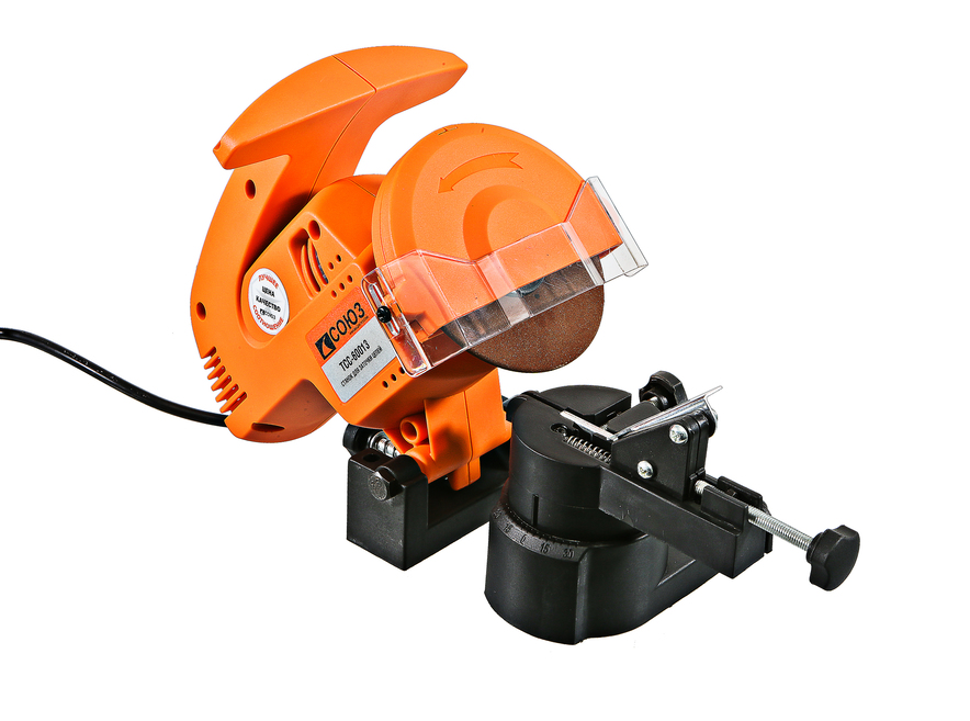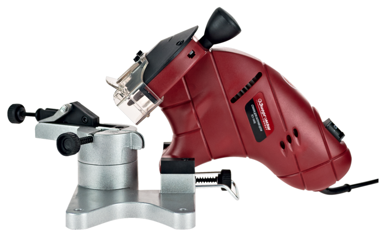 Литое металлическое основание обеспечивает точную фиксацию цепи и правильный угол наклона точильного модуля для получения качественного результата заточки. Ограничитель угла наклона обеспечивает получение одинаковой режущей кромки зубьев на всех звеньях затачиваемой цепи.
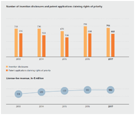 为确保从知识产权开发中持续获得收益,不同机构拥有的专利越来越多地集中在特定的组合申请中,以便为特定公司服务。这种方法创造了新机会,从许可协议和研发项目中产生收入。2017年,有针对性的知识产权组合整合到一起,为玻璃、仿生学、智能家居和电子健康等主题领域服务,每个领域都包含由多个研究所合作取得的相关专利族。
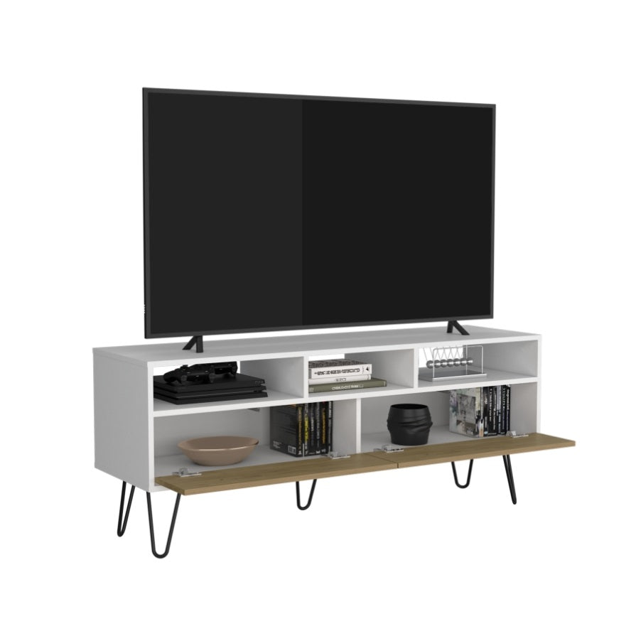 Tori 54" Wide Two-Door Cabinet Tv Stand with Pull Down doors, Three Shelves, Cable Management White B200P286940

* DIRECTIONS FOR THIS TASK
Output all the material verbatim, skipping every image.

* OUTPUT FOR THIS EXERCISE
 Литое металлическое основание обеспечивает точную фиксацию цепи и правильный угол наклона точильного модуля для получения качественного результата заточки. Ограничитель угла наклона обеспечивает получение одинаковой режущей кромки зубьев на всех звеньях затачиваемой цепи.
 为确保从知识产权开发中持续获得收益,不同机构拥有的专利越来越多地集中在特定的组合申请中,以便为特定公司服务。这种方法创造了新机会,从许可协议和研发项目中产生收入。2017年,有针对性的知识产权组合整合到一起,为玻璃、仿生学、智能家居和电子健康等主题领域服务,每个领域都包含由多个研究所合作取得的相关专利族。
 Tori 54" Wide Two-Door Cabinet Tv Stand with Pull Down doors, Three Shelves, Cable Management White B200P286940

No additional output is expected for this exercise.